A number of plasminogen receptors (PlgR) have been identified in group A and C streptococci isolated from humans (Table 1Go). These PlgRs include glycer-aldehyde-3-phosphate dehydrogenase (GAPDH) (8, 101) and {alpha}-enolase (SEN) (74), as well as the streptococcal M-like protein (PAM). PAM binds plasminogen with high affinity and without the assistance of fibrinogen (3, 5, 81, 83). The surface-bound plasminogen can be activated by SK or host plasminogen activator. In this way, PAM concentrates plasmin on the surface of the bacteria. The role PAM plays in the streptococcal interaction with host plasminogen was investigated with mice with or without circulating human plasminogen (91).
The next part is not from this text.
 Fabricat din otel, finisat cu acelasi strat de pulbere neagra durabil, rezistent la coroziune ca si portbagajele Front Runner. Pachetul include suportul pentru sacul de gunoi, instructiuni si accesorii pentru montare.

Human plasminogen markedly increased mouse susceptibility to PAM+ strain infection, suggesting that concentrating host plasminogen/plasmin on the surface of bacteria enhanced bacterial invasion. Furthermore, mice with human plasminogen exhibited higher susceptibility to PAM+ strain than to PAM + strain, demonstrating that interaction of PAM with host plasminogen facilitated bacteria invasion. Epidemiological studies also demonstrated the importance of streptokinase and plasminogen in host/GAS interaction. It was shown that, among PAM+ GAS strains, strains isolated from invasive infectious cases bound more plasminogen than strains isolated from noninvasive infectious cases in the presence of fibrinogen and streptokinase (67), supporting the studies in the murine model. Furthermore, streptokinase gene expression was significantly higher in the severe invasive GAS isolates than in the noninvasive isolates in Japan (38).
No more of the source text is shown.